Second, in light of the commitments made by the Irish government and borne by the Irish people, is it reasonable or not at this point to expect that there will be an agreement to recast the Anglo-Irish Bank promissory note scheme before the next payment falls due in March, and why?
Draghi: On the first point, we surely welcome the action by the new undertaking, and presenting the new budget is a reaffirmation of the successful commitment of the Irish government to restore sound economic conditions, both fiscal but also more broadly structural conditions.

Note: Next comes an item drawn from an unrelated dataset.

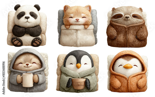 © Putra, Fototapeta premium Adorable Cute Animal Collection with Cozy Expressions on Transparent Background
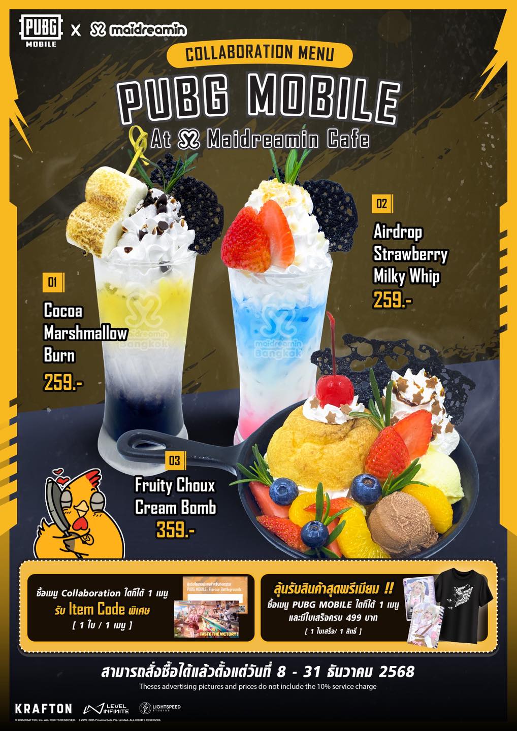 📅 8 – 31 ธ.ค. พบกับเมนูและโปรโมชั่นสุดพิเศษและของที่ระลึกสำหรับแฟน ๆ PUBG MOBILE 🎁

On the second point I think we have discussed this in the past. The ECB cannot undertake any agreement, cannot enter into any agreement that is being viewed as monetary financing and is forbidden by Article 123 of the Treaty. But other than that, there is plenty of good will.
Question: The Spanish government does not want to apply for the OMT because they want to be sure that if they ask for your help the risk premia will drop to 200 points. Are you open to negotiate this possibility?
And another question: will the OMT by itself be enough to guarantee market stability during the next year?
Draghi: Well, I think I was asked the same question before with respect to Spain, Italy and so on. The conditions under which the OMT is going to be activated are very straightforward and are pretty clear. We have made them clear several times. They do not talk about negotiations or agreements on a certain interest rate or anything like that. So, I would say, when you are asked about this, refer to the press communiqué announcing the OMT and it contains all the conditions that are needed to activate it.
On the second question, we said that the main aim of the OMT is to remove tail risk to overcome monetary and financial fragmentation of the euro area that would stem from a redenomination risk. And we would do it in a size that would be adequate to achieve its objective.
Question: This morning, the four presidents’ report setting up the operational framework for direct bank recapitalisation through the ESM was released. Will this exclude legacy debt?
And if I may ask another question: why are euro bonds explicitly not mentioned in this report?
Draghi: Well, I cannot really comment on the report as such, because it is a process, it is coming out, it is in the making – it still can be modified by further discussions. But I can comment on both issues you have raised. It is quite important that legacy assets have been carefully defined. In other words, we all want to know exactly what it means. That is very important for the policy-makers, but also for the markets and for the banks. So, when the position was taken that the new ESM could not be used to fill holes created by legacy assets which had gone sour, I think one has to define exactly what these legacy assets are. So far it is just a name.
Your second question was about euro bonds. Here we have to understand that, originally, there was a breach of trust in the euro area between countries that were basically always complying, or most of the time complying, with fiscal soundness and countries that did not do so. In the last two years the issue has been to rebuild trust. For this purpose, fiscal rules were agreed, fiscal compact was agreed; there were a lot of actions the common denominator of which was to have constraints on fiscal discretion; a lot of actions that will necessarily amount to a sharing of national sovereignty insofar as budget and debt are concerned. At the other end of the spectrum you have what we call mutualisation of risk. A euro bond is an example of this. It is pointless to begin from a euro bond; it is pointless to begin from a policy where, if I can sort of summarise this policy, I issue and you spend, because this is not realistic. It will become realistic, however, when the trust is re-established; when there is clear evidence that basically all countries comply with the commitments and undertake economic policies with full awareness of their consequences upon other countries.